While the past few months have included plenty of informed speculation about the so-called Switch 2, Nintendo hasn’t given even a bare hint that the system is in the works. That changed at least somewhat last night, as Nintendo President Shinto Furukawa shared on social media that “we will make an announcement about the successor to Nintendo Switch within this fiscal year,” which ends on March 31, 2025.
In his pre-announcement announcement, Furukawa warned that an upcoming Nintendo Direct presentation planned for June would include “no mention of the Nintendo Switch successor,” suggesting more information may be coming closer to the end of the fiscal year than the beginning.
Furukawa notes that the eventual announcement will come over nine years after Nintendo first alluded to the Switch’s existence with the March 2015 announcement of a console then called “Project NX.” Nintendo didn’t show that hardware publicly until 19 months later, with a three-minute preview trailer that dropped in October 2016. Hands-on press previews for the Switch came three months after that, and we then had to wait almost two more months for the console to finally hit store shelves in March of 2017.
We probably won’t have to wait two years between the formal announcement and retail launch of the Switch 2, though; multiple reports have suggested that Nintendo is aiming for an early 2025 release for the updated hardware. The nearly eight-year gap between the launch of the Switch and its successors would mark a historically long wait for Nintendo home console hardware, which tends to see a refresh every five to six years. But Nintendo did wait nine years before following the original (and best-selling) Game Boy with the Game Boy Color.
Reports have suggested that select third-party developers have had access to the Switch 2 since the middle of last year and that Nintendo is holding off on the release to prepare a stronger launch lineup of first-party software. On that score, we’d like to point out that it has now been nearly seven years since the original announcement of Metroid Prime 4 (and over five years since Nintendo restarted development with a new studio).

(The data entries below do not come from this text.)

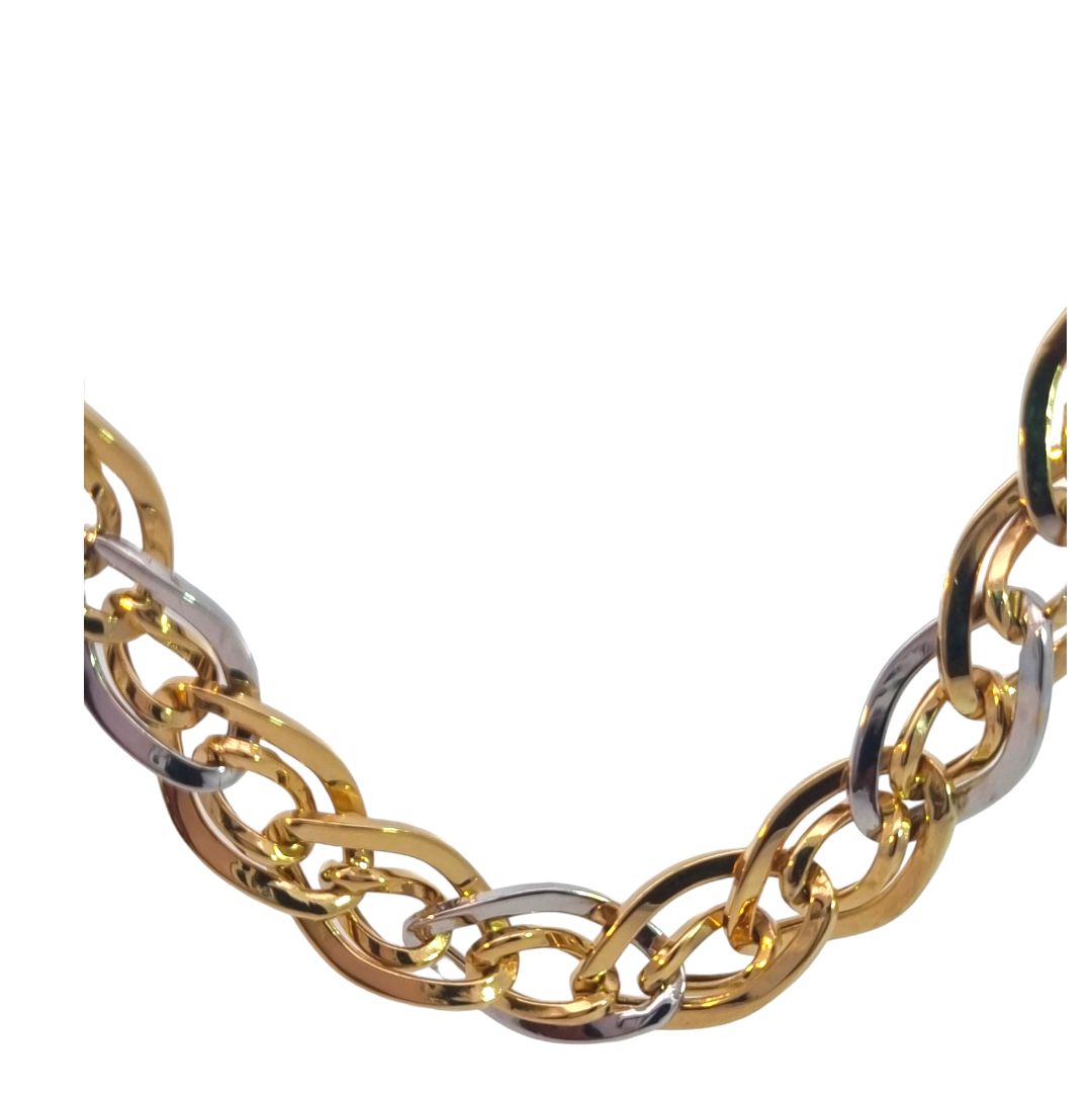 Dit gouden collier is een prachtig voorbeeld van elegantie en verfijning. Gemaakt van een harmonieuze combinatie van wit- en geelgoud, biedt dit collier een uniek en bijzonder ontwerp dat in het oog springt. De delicate schakels en het stijlvolle contrast van de twee goudtinten maken het een sieraad dat zowel modern als tijdloos is. Perfect voor speciale gelegenheden of als een luxe dagelijkse accessoire, voegt dit collier een vleugje klasse toe aan elke outfit.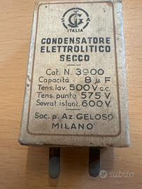 Vendo lotto di condensatori elettronici vintage provenienti da apparecchiature radio d’epoca. Nel lotto sono presenti: •condensatori Cornell Dubilier (USA) •condensatori Sangamo mica ad alta tensione •condensatori Geloso (Milano) •altri componenti simili Caratteristiche: •componenti originali anni ‘40–‘60 circa •varie capacità e tensioni (anche alta tensione) •ideali per restauro radio, collezione o esposizione Condizioni: •usati, come da foto •non testati ✔️ Lotto completo come in foto ✔️ Ottimo per appassionati di elettronica vintage Prezzo: 50 € trattabili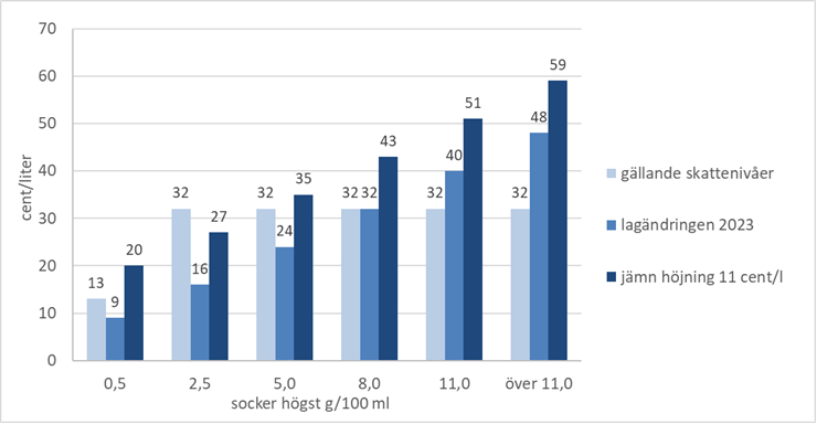 Enligt den lägsta skattesatsen beskattas sockerfria produkter i skattetabellen. Skattesatsen för sockerfria produkter höjs med sju cent jämfört med den gällande skattesatsen. Också drycker som inte är färdigförpackade och som uppfyller definitionen inte färdigförpackad i 2 § 1 mom. 5 punkten ska beskattas enligt den lägsta skattesatsen. Drycker som inte är färdigförpackade ska enligt förslaget anges i sina egna tulltariffnummerspecifika produktgrupper. Skatten på drycker med socker som hör till skattebasen föreslås i fortsättningen vara graderad i skattesatser enligt produktens sockerhalt. Den övre gränsen för sockerhalten enligt den lägsta skattegraden för sockerhaltiga drycker föreslås vara 2,5 gram socker per 100 milliliter dryck och motsvara den övre gränsen för sockerhalten för livsmedel i flytande form med låg sockerhalt enligt förordningen om hälsopåståenden.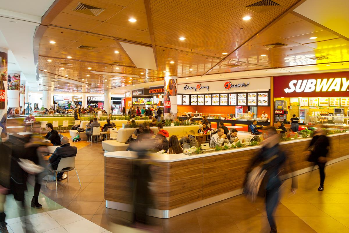 - The second floor is the entertainment floor. A multiplex with 14 halls of the international brand Cinema City International an ice rink and four restaurants with panoramic terraces together with a fast food area.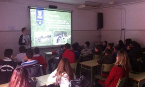 La presidenta del Atlético de Madrid Féminas impartió una conferencia a alumnos entre 12 y 14 años para fomentar la escuela de Fútbol Sala del Atlético de Madrid Féminas en Entrevías.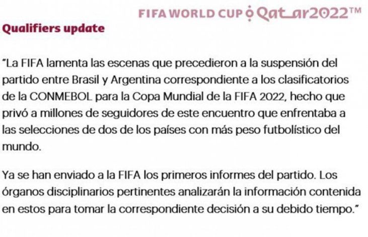 "La FIFA lamenta las escenas que precedieron a la suspensión del partido entre Brasil y Argentina correspondiente a los clasificatorios de la CONMEBOL para la Copa Mundial de la FIFA 2022, hecho que privó a millones de seguidores de este encuentro que enfrentaba a las selecciones de dos de los países con más peso futbolístico del mundo", rezan las primeras líneas del documento.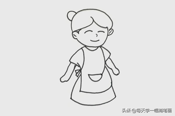 步骤二:往下画出衣领,画出妈妈的围裙,画围裙的时候注意褶皱、口袋还有后面的系绳,接着画出里面的长裙,在袖口处画出妈妈的手臂。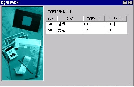 1、单击“期未处理”中的期调汇将弹出下图窗口:
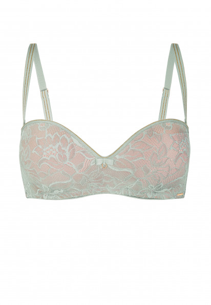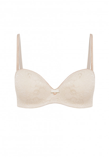 Безкаркасний бюстгальтер-балконет з вбудованим Super «пуш-ап». Візуальне збільшення грудей на два розміри. Ефект «прихованого каркаса». Ущільнений стан для комфортної підтримки, тасьма по нижньому краю. По верхньому і нижньому краю бічних деталей силіконова стрічка, що забезпечує відмінну підтримку навіть без бретелей. Знімні бретелі декоровані подвійною золотою ниткою. Додаткові силіконові бретелі в комплекті.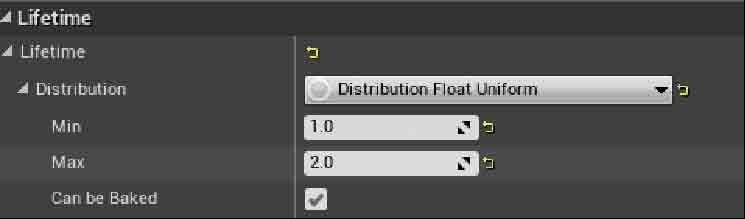 如图3-148所示,打开Lifetime模块,在属性窗口中设置粒子生存时间最小值Min为1,最大值Max为2。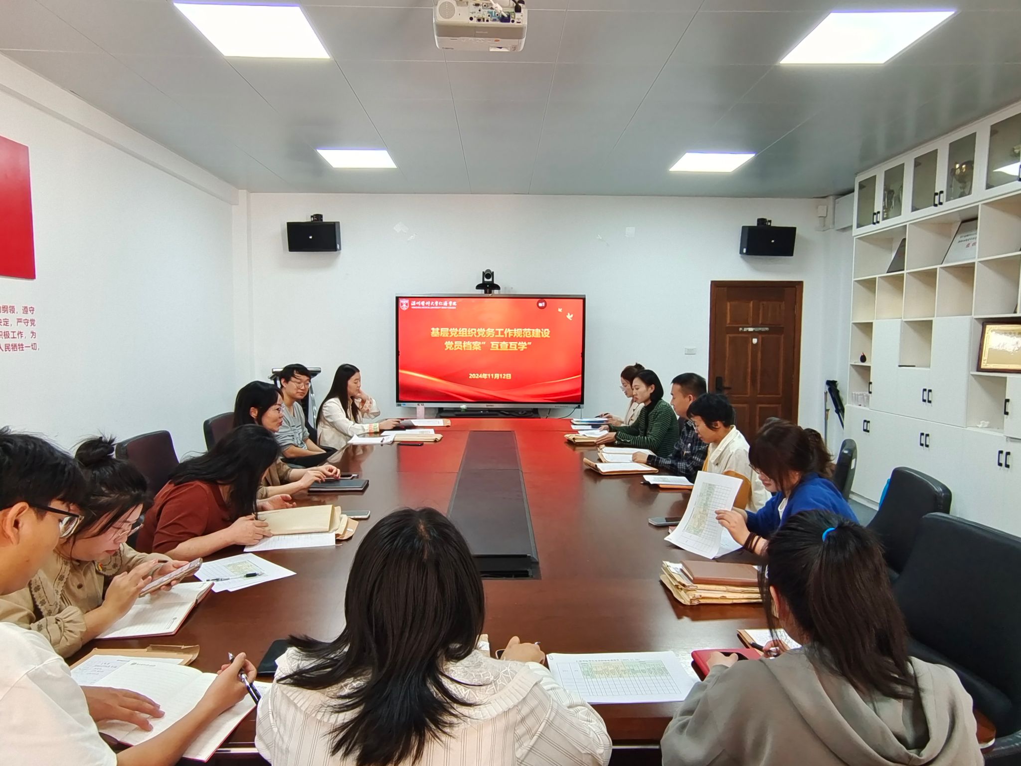 为进一步提升学生党员档案管理规范化水平,从严把好发展党员“入口关”。11月12日下午,色花堂 在茶山校区7A113会议室开展学生党员档案互查互学工作,党总支书记、党支部书记、组织人事部负责人及相关党务工作者参加会议。

The Switch 2 pre-announcement comes alongside the release of Nintendo’s latest financial results, in which Nintendo said it sold 15.7 million Nintendo Switch units in the 12-month period ending in March. That’s down quite a bit from the system’s peak sales in the 2020–2021 fiscal year, but it’s still a substantial sales performance for an aging system that has now passed 141 million total units sold since 2017. The overall numbers are closing in on the record currently held by the PS2 (155 million sales) and the Nintendo DS (154 million).